Records excerpted from a collection

-- Opening Marker --

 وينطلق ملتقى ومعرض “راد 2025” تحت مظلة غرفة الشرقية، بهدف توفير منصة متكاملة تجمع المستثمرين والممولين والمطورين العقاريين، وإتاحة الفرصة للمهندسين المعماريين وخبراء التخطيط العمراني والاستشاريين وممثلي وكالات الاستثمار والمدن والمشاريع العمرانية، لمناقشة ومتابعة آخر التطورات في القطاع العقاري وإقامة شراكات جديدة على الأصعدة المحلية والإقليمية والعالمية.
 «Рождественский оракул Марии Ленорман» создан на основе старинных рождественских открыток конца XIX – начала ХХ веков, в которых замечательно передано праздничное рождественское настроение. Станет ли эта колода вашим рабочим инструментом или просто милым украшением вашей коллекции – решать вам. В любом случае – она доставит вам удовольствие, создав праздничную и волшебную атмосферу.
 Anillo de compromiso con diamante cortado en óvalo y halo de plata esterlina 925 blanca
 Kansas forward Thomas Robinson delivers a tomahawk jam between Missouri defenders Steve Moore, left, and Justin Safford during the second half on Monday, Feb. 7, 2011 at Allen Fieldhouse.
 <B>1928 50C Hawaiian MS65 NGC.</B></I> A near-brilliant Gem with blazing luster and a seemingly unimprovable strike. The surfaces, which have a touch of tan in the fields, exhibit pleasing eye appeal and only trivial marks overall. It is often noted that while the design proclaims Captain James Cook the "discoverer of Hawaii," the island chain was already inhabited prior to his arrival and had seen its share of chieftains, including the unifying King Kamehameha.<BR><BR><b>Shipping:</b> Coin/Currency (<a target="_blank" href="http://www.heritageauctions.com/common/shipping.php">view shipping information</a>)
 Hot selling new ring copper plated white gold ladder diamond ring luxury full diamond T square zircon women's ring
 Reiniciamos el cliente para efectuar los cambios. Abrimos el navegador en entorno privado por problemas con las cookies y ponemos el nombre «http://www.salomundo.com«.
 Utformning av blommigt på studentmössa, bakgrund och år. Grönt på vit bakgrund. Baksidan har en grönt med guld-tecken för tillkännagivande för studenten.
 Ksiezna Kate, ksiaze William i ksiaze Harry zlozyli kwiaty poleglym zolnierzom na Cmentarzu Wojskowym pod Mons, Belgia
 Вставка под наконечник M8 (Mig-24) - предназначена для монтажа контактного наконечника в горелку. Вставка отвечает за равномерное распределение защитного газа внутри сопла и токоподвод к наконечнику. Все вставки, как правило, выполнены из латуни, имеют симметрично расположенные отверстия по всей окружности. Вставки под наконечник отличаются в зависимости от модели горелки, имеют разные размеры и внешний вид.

-- Closing Marker --

TASK OBJECTIVE
Look through the entries above for the word "http". Copy every line where it shows up.

ANSWER SPACE
 <B>1928 50C Hawaiian MS65 NGC.</B></I> A near-brilliant Gem with blazing luster and a seemingly unimprovable strike. The surfaces, which have a touch of tan in the fields, exhibit pleasing eye appeal and only trivial marks overall. It is often noted that while the design proclaims Captain James Cook the "discoverer of Hawaii," the island chain was already inhabited prior to his arrival and had seen its share of chieftains, including the unifying King Kamehameha.<BR><BR><b>Shipping:</b> Coin/Currency (<a target="_blank" href="http://www.heritageauctions.com/common/shipping.php">view shipping information</a>)
 Reiniciamos el cliente para efectuar los cambios. Abrimos el navegador en entorno privado por problemas con las cookies y ponemos el nombre «http://www.salomundo.com«.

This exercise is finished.